(Provided material)

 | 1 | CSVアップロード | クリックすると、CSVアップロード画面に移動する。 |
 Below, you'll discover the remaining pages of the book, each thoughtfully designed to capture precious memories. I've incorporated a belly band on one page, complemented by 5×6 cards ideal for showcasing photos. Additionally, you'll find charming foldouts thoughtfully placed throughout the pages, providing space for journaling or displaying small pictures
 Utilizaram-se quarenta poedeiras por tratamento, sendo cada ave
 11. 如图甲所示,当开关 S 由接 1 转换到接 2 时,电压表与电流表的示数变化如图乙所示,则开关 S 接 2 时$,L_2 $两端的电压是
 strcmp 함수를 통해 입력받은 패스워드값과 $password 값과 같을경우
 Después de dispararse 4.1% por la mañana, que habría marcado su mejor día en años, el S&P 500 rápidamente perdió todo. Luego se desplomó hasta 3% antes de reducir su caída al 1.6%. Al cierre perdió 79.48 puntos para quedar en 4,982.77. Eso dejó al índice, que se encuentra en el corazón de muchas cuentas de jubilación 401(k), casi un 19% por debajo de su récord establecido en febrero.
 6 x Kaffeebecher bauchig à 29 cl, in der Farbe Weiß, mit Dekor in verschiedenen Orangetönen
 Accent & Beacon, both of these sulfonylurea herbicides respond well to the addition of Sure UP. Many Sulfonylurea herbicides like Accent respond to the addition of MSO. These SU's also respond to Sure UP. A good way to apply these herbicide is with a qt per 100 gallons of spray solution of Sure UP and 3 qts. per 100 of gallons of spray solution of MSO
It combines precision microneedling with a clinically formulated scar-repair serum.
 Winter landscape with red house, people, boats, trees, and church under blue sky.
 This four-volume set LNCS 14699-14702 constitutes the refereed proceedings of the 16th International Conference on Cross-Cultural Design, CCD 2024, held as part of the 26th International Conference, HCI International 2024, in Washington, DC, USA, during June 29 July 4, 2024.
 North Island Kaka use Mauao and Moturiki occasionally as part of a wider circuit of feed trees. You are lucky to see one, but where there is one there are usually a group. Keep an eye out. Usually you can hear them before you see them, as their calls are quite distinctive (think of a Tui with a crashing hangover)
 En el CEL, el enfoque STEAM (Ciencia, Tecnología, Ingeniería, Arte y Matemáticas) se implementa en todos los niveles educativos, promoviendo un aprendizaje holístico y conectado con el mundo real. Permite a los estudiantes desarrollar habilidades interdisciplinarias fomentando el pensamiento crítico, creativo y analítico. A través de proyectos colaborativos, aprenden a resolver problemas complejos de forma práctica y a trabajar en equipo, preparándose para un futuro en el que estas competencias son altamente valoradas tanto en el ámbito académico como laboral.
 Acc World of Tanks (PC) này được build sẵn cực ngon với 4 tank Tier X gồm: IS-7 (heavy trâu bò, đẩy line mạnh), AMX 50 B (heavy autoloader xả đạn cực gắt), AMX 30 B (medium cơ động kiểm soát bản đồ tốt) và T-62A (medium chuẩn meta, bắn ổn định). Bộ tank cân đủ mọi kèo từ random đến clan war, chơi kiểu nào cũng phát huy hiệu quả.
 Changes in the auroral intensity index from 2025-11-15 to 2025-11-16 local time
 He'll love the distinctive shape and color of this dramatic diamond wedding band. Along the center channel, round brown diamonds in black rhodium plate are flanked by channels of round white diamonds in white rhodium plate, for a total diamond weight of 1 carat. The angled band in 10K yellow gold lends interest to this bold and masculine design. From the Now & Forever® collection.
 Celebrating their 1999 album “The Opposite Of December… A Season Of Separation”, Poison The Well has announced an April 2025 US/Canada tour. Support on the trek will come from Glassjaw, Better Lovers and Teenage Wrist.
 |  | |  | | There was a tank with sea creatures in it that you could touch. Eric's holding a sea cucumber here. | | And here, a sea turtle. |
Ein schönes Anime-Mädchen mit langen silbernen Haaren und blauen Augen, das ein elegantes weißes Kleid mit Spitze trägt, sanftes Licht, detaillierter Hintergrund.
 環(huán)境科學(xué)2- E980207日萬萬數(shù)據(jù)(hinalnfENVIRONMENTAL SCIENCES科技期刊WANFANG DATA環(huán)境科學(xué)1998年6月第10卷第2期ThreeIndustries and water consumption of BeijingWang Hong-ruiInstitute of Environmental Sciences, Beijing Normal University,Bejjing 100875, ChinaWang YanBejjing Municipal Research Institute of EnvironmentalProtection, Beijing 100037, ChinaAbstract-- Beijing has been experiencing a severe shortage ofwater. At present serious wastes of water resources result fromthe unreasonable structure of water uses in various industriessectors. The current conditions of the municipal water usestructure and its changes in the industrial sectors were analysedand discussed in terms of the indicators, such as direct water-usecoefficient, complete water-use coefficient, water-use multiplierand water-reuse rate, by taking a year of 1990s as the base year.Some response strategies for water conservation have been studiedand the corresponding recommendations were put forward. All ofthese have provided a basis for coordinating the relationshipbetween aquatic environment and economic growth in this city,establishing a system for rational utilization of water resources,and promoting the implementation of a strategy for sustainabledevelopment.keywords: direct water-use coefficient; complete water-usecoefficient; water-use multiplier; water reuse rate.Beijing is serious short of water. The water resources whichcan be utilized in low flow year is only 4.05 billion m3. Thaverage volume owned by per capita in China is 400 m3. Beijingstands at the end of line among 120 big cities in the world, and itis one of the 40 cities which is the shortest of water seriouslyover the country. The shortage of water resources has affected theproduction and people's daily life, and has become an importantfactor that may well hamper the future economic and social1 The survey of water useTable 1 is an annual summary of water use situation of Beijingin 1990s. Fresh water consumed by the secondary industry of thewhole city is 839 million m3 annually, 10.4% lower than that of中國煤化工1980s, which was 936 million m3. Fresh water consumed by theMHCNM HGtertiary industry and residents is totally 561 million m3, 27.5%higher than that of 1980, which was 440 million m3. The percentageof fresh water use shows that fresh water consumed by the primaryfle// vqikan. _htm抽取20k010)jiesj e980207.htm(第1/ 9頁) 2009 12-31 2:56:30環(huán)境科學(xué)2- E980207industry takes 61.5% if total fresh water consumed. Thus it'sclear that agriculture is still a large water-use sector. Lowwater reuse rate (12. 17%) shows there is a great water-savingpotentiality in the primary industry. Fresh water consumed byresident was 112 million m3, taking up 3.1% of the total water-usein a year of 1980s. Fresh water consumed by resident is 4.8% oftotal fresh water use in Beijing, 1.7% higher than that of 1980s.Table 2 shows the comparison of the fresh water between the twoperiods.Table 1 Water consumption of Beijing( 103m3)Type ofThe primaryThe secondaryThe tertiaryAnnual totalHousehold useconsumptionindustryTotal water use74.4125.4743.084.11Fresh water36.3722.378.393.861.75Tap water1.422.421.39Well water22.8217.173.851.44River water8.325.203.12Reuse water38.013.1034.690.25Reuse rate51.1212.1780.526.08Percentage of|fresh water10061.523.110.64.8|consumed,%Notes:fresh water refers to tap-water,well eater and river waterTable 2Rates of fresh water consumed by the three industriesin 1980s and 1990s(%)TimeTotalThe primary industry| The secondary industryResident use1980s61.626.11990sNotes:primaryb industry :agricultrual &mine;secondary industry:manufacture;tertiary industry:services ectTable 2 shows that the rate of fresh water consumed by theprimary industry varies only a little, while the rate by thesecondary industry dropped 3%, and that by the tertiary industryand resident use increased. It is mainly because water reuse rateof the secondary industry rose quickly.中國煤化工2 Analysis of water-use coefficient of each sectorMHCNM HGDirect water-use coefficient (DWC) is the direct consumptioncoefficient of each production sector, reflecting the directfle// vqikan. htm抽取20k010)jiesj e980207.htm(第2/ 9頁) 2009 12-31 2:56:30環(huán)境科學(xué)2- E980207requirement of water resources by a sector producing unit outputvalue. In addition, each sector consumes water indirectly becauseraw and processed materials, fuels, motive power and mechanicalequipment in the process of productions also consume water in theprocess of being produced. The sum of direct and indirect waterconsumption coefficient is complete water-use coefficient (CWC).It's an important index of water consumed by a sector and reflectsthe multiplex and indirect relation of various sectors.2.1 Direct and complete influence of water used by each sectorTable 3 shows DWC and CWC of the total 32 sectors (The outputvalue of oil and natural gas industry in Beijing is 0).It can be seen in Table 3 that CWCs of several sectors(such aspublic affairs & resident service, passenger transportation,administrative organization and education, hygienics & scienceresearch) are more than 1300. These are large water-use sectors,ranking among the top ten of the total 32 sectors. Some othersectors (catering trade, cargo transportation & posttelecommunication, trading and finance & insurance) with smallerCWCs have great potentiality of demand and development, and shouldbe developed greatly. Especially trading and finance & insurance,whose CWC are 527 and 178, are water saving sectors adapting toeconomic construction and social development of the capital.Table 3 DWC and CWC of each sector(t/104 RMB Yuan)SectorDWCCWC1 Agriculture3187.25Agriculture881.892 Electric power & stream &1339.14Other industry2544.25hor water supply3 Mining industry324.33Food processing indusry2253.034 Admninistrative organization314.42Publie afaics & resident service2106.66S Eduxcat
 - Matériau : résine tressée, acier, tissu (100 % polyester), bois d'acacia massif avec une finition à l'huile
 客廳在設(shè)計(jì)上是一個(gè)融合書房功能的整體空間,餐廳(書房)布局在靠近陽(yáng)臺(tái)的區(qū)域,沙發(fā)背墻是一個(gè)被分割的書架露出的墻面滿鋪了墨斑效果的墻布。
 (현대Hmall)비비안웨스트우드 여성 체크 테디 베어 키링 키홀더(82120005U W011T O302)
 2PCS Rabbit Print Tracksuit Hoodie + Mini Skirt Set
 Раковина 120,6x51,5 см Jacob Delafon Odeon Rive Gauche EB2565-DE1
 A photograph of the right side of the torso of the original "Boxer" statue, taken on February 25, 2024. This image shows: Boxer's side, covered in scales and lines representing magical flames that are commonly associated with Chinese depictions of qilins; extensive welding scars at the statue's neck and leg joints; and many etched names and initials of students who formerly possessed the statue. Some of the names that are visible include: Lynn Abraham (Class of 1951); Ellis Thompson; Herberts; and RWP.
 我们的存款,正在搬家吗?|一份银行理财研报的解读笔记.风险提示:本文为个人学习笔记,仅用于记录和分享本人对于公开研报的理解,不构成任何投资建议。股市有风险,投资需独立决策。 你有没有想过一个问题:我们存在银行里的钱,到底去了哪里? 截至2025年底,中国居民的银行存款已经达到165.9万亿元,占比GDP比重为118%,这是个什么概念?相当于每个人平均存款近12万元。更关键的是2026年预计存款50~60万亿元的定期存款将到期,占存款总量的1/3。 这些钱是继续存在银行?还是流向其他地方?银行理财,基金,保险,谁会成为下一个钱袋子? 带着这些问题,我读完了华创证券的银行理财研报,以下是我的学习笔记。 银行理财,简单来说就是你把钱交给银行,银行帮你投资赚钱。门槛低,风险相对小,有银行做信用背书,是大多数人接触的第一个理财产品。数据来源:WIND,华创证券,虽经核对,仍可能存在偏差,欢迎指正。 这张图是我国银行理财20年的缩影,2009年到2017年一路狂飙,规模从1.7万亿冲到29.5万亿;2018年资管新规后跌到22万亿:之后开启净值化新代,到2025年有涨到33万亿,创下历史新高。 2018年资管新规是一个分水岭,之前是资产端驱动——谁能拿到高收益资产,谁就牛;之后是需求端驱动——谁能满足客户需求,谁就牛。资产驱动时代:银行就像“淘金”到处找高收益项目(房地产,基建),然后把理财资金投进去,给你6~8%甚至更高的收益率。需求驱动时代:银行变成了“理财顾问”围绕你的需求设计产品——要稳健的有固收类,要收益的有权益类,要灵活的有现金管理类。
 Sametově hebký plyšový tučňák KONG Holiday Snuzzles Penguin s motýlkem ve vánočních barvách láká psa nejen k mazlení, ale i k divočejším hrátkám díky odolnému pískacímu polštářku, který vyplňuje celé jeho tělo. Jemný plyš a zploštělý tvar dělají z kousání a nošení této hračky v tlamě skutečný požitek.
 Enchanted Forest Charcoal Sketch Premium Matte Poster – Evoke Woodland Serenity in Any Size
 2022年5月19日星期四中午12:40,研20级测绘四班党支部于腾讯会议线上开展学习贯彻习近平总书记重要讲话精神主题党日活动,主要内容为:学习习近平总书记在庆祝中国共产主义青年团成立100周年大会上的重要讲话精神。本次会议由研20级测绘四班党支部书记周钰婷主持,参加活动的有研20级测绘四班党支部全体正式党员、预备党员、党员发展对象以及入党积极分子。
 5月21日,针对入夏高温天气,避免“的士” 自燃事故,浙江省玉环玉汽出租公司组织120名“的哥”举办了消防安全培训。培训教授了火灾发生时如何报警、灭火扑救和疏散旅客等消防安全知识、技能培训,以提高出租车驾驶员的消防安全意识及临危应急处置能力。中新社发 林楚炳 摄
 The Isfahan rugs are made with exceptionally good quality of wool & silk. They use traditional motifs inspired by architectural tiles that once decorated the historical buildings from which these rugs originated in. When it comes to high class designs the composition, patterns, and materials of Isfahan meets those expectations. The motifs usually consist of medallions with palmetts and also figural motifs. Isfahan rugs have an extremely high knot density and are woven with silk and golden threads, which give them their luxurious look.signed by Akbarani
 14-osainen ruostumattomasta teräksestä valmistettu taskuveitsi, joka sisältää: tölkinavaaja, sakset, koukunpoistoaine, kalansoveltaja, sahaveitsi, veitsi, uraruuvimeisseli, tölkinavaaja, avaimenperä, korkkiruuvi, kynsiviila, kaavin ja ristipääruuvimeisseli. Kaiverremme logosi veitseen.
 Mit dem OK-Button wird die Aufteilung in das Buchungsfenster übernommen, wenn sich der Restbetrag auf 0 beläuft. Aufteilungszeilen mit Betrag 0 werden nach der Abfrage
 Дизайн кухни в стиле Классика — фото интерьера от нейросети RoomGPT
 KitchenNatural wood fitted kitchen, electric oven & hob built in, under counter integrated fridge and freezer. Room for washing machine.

(End Provided material)

● **Problem to solve**
The lines to copy run from the first line of the entries to the line containing "strcmp 함수를 통해 입력받은 패스워드값과 $password 값과 같을경우"; copy them exactly and output nothing else.

● **Solved problem**
 | 1 | CSVアップロード | クリックすると、CSVアップロード画面に移動する。 |
 Below, you'll discover the remaining pages of the book, each thoughtfully designed to capture precious memories. I've incorporated a belly band on one page, complemented by 5×6 cards ideal for showcasing photos. Additionally, you'll find charming foldouts thoughtfully placed throughout the pages, providing space for journaling or displaying small pictures
 Utilizaram-se quarenta poedeiras por tratamento, sendo cada ave
 11. 如图甲所示,当开关 S 由接 1 转换到接 2 时,电压表与电流表的示数变化如图乙所示,则开关 S 接 2 时$,L_2 $两端的电压是
 strcmp 함수를 통해 입력받은 패스워드값과 $password 값과 같을경우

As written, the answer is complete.